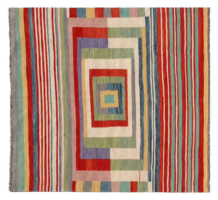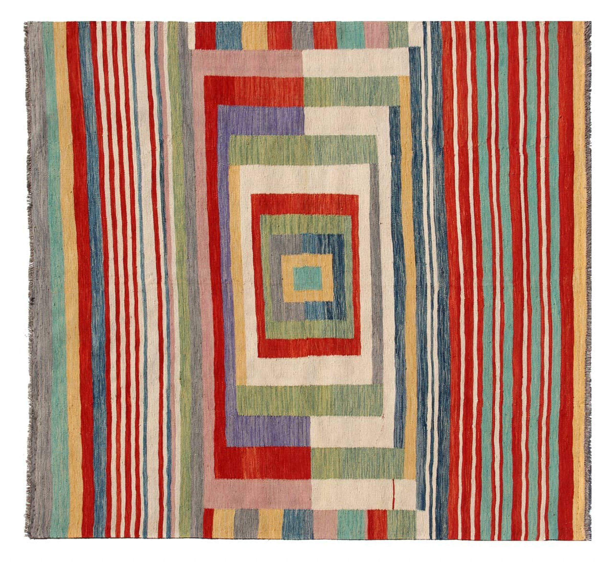 Mattans ID: 31540900883933 Storlek: 196x187 cm Tjocklek: ap. 5 mm Tillverkning: handvävd Lugg: Handspunnen ull Varp: Ull Ursprung: Afghanistan Ålder: Ny Vikt: ap. 7 kg Också känd som Kilim, Qilim, Chilim, Afgan, Afghán I lager: Unik - Endast 1 i lager
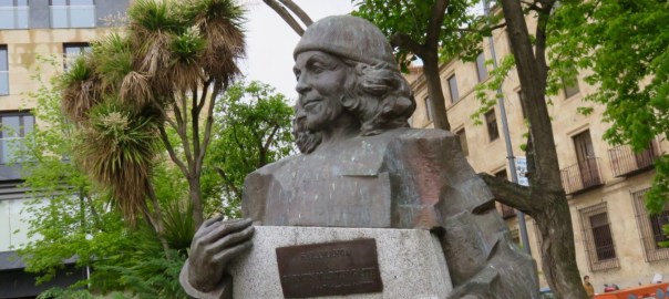 This morning we looked out the window at the gray skies and puddles, and dear sweet Jim said, “Let’s go to Salamanca!” He booked our bus tickets online and found us a hostal near the Old City. At 9:45 we were on the bus, looking at all the blue Camino signs rolling by along the highway. By 11:15 we were in Salamanca. 10 minutes later we were at Hostal Granada, run by a very personable young man with good English. Our room is lovely. There is a real supermarket down the block. My feet are happy, and so is the rest of me. Time for some R and R.
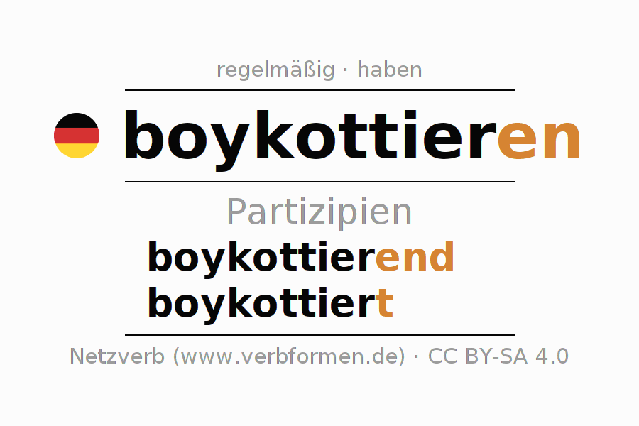 Das Verb boykottieren vollständig in allen Personen und Numeri im Partizip Präsens Perfekt konjugiert
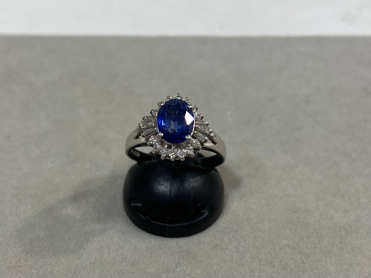 ・材質:プラチナ900 ブルーサファイア様石1.446ct メレダイヤ0.34ct
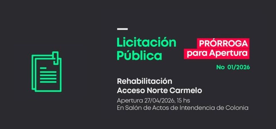 La Intendencia de Colonia por Resolución N° 476/2026 del Departamento Ejecutivo dispone PRORROGAR la Licitación Pública N° 01/2026 para la “Rehabilitación Acceso Norte Carmelo”.
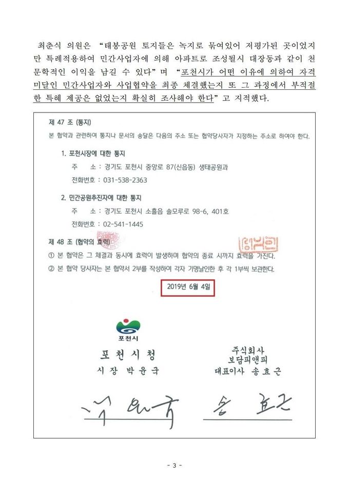 [한국방송/김국현기자] 국회 국민의힘 최춘식 의원(경기 포천시·가평군, 행정안전위원회 간사)은 포천시가 태봉공원 아파트 개발 사업을 추진하면서 자본금 3억원에 부채가 360억원인 ‘실적 없는 부실 신생업체’에 공식적으로 사업권을 준 것은 현 박윤국 포천시장이 사업협약서에 직접 사인했기 때문이라고 밝혔다.
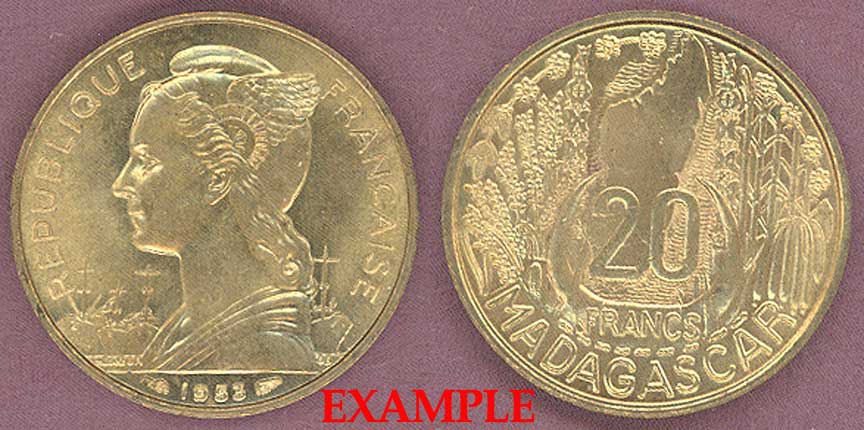 Item Number: MAD-25E Uncirculated - 20 Francs KM-7 Aluminum-Bronze Bust of Liberty. One year Type coin. Approximately 24 MM$10.00
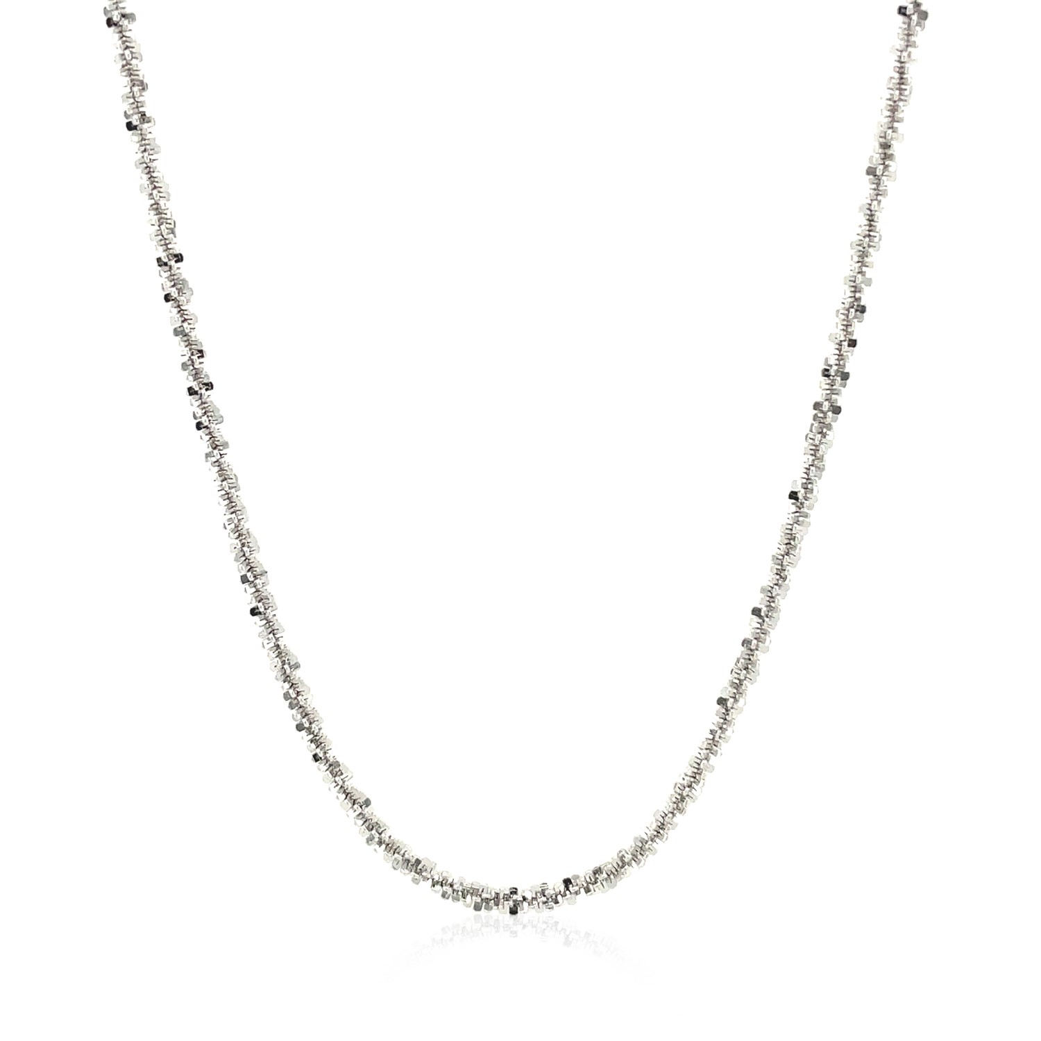 This classic rhodium plated chain is crafted in gleaming sterling silver and has a width of 2.2 millimeters. Featuring a sparkle chain design, it is secured with a lobster clasp.
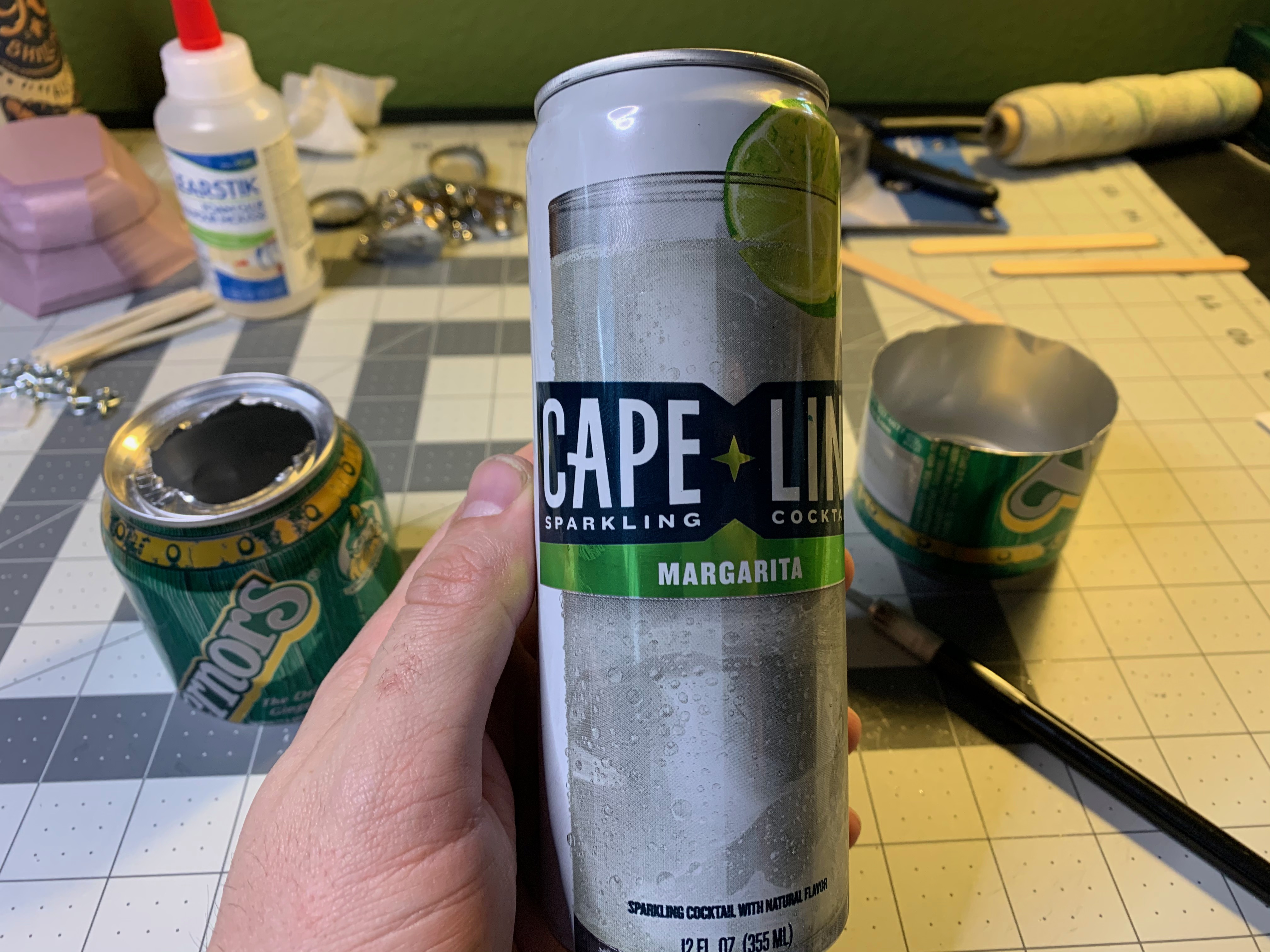Anyway, Thumpingbear has generously allowed my Tropicana bottle caps to qualify me for the "beverage container" threshold, so I can drop the material that was giving me fits this time. I was going to use those skinny soda cans as the columns under my bottle caps, but they weren't quite the right diameter. I started cutting them up, slicing off the tops and bottoms, slicing them lengthwise, and then trying to take a few millimeters out of the diameter and somehow reseal it back into a cylinder. Long story short, I was wearing out my hands again and getting nowhere.

□ □ □

## Problem to work on
Repeat the records above exactly. No pictures go into the repeat.

## Written answer
 Mattans ID: 31540900883933 Storlek: 196x187 cm Tjocklek: ap. 5 mm Tillverkning: handvävd Lugg: Handspunnen ull Varp: Ull Ursprung: Afghanistan Ålder: Ny Vikt: ap. 7 kg Också känd som Kilim, Qilim, Chilim, Afgan, Afghán I lager: Unik - Endast 1 i lager
 This morning we looked out the window at the gray skies and puddles, and dear sweet Jim said, “Let’s go to Salamanca!” He booked our bus tickets online and found us a hostal near the Old City. At 9:45 we were on the bus, looking at all the blue Camino signs rolling by along the highway. By 11:15 we were in Salamanca. 10 minutes later we were at Hostal Granada, run by a very personable young man with good English. Our room is lovely. There is a real supermarket down the block. My feet are happy, and so is the rest of me. Time for some R and R.
 Das Verb boykottieren vollständig in allen Personen und Numeri im Partizip Präsens Perfekt konjugiert
 ・材質:プラチナ900 ブルーサファイア様石1.446ct メレダイヤ0.34ct
 La Intendencia de Colonia por Resolución N° 476/2026 del Departamento Ejecutivo dispone PRORROGAR la Licitación Pública N° 01/2026 para la “Rehabilitación Acceso Norte Carmelo”.
 [한국방송/김국현기자] 국회 국민의힘 최춘식 의원(경기 포천시·가평군, 행정안전위원회 간사)은 포천시가 태봉공원 아파트 개발 사업을 추진하면서 자본금 3억원에 부채가 360억원인 ‘실적 없는 부실 신생업체’에 공식적으로 사업권을 준 것은 현 박윤국 포천시장이 사업협약서에 직접 사인했기 때문이라고 밝혔다.
 Item Number: MAD-25E Uncirculated - 20 Francs KM-7 Aluminum-Bronze Bust of Liberty. One year Type coin. Approximately 24 MM$10.00
 This classic rhodium plated chain is crafted in gleaming sterling silver and has a width of 2.2 millimeters. Featuring a sparkle chain design, it is secured with a lobster clasp.
Anyway, Thumpingbear has generously allowed my Tropicana bottle caps to qualify me for the "beverage container" threshold, so I can drop the material that was giving me fits this time. I was going to use those skinny soda cans as the columns under my bottle caps, but they weren't quite the right diameter. I started cutting them up, slicing off the tops and bottoms, slicing them lengthwise, and then trying to take a few millimeters out of the diameter and somehow reseal it back into a cylinder. Long story short, I was wearing out my hands again and getting nowhere.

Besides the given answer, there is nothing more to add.